Performance degradation after upgrading from 0.5.1 to 0.6.2 -- how to avoid memory allocation?

General Usage Performance
1 
for rating in ratings
    x_idx = rating[1] + 1
    y_idx = rating[2] + 1
    rv = rating[3]

     W_row = W[:, x_idx]
     H_row = H[:, y_idx]
     pred = dot(W_row, H_row)
     diff = rv - pred
     W_grad = -2 * diff .* H_row
     H_grad = -2 * diff .* W_row
     W[:, x_idx] = W_row - step_size .* W_grad
     H[:, y_idx] = H_row - step_size .* H_grad
end

Above is a piece of code whose performance degrades by ~20x (from 1.2 seconds to 32 seconds for some particular input data) after I upgraded to Julia v0.6.2 from v0.5.1. Even with v0.5.1, it’s 3~4x slower than the same program written in C++.

In the above code, ratings is a Vector of tuples, W and H are 2-dimensional arrays of roughly 100 by 5000.

I am guessing that it’s memory allocation that caused the problem.

Julia v0.6.2:
32.802334 seconds (148.08 M allocations: 11.332 GiB, 4.71% gc time)

Julia v0.5.1:
1.263061 seconds (18.58 M allocations: 6.835 GB, 9.55% gc time)

Why does v0.6.2 allocate much more memory?

In my C++ code, I would have pre-allocated memory for variables like W_row H_row etc and reuse the same memory across iterations. How would I do the same thing in Julia?

Memory allocation profiling (v0.6.2):

0 for iteration = 1:num_iterations
0 for rating in ratings
59192224 x_idx = rating[1] + 1
55158016 y_idx = rating[2] + 1
32006688 rv = rating[3]
-
2298050581 W_row = W[:, x_idx]
2291205792 H_row = H[:, y_idx]
32236624 pred = dot(W_row, H_row)
32006688 diff = rv - pred
3971640698 W_grad = -2 * diff .* H_row
3968829312 H_grad = -2 * diff .* W_row
5795581993 W[:, x_idx] = W_row - step_size .* W_grad
5793210528 H[:, y_idx] = H_row - step_size .* H_grad
- end

Memory allocation profiling (v0.5.1):

0 for iteration = 1:num_iterations
0 for rating in ratings
59192224 x_idx = rating[1] + 1
55158016 y_idx = rating[2] + 1
32006688 rv = rating[3]
-
1793490040 W_row = W[:, x_idx]
1792374528 H_row = H[:, y_idx]
32279345 pred = dot(W_row, H_row)
32006688 diff = rv - pred
1825048125 W_grad = -2 * diff .* H_row
1824381216 H_grad = -2 * diff .* W_row
3618250719 W[:, x_idx] = W_row - step_size .* W_grad
3616755744 H[:, y_idx] = H_row - step_size .* H_grad
- end

2

Please provide a complete reproducible example. It’s going to be impossible to make any definite statements about performance without knowing exactly how you’ve set up your problem. For example, is this code inside a function? Are W and H globals? What are the element types? These are all critically important to understanding the performance of your code.

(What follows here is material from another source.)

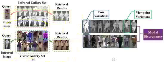 Visible-infrared person re-identification (VIPR) [1,2,3,4,5,6], as illustrated in Figure 1a, is important in smart city constructions because it can help find suspicious persons from massive traffic videos. As shown in Figure 1b, VIPR not only suffers from pose variations and viewpoint variations that commonly exist in traditional person re-identification [7,8,9,10] based on visible images but also encounters a huge modal discrepancy between visible and infrared images. The huge modal discrepancy is a serious challenge to VIPR because it leads to different identities of the same modality that are more similar than the same identity of different modalities. Therefore, how to to properly deal with modal discrepancies is crucial to VIPR.

If you provide a block of code that can be run locally then it will be much easier to help figure out the performance issue.

3

Thanks for your quick reply!

Please find my full program here: Pastiebin.com 5ab805f723ae3

4

That’s still missing the input data file?

5

Please download a sample input from here: http://www.cs.cmu.edu/~jinlianw/data/ratings.csv (11MB)

BTW, both versions of Julia were built from the source tarball.

6

Ok, so

ratings = Array{Tuple{Integer, Integer, Real}}(0)

is not concretely typed and will have quite bad performance. Change to e.g. Array{Tuple{Int, Int, Float64}}.
There were also some other places where you could use in place dot assignment more effecitvely and using views.

https://gist.github.com/KristofferC/91a4084b500c9f198b59af2486297b03 runs at 2 seconds per iteration for me while the original code ran at 55 seconds per iteration.

7

Is there any reason you cannot replace Tuple{Integer, Integer, Real} with Tuple{Int, Int, Float64}? The latter is going to be more more efficient. It could also be even faster to store the data as three vectors rather than as a vector of 3-tuples.

8

Great! Thanks! By changing the array type and using views I could reduce the runtime down to 0.63 seconds from 32 seconds, and further down to 0.59 seconds by using in-place dot assignment .=. However, @. causes exception – although I never saw it before I take it’s just another way of writing in place dot assignments?

9

Thanks! Yes, fixing the tuple type did help!

10

Yes @. is just a way of dotting all operators in the expression.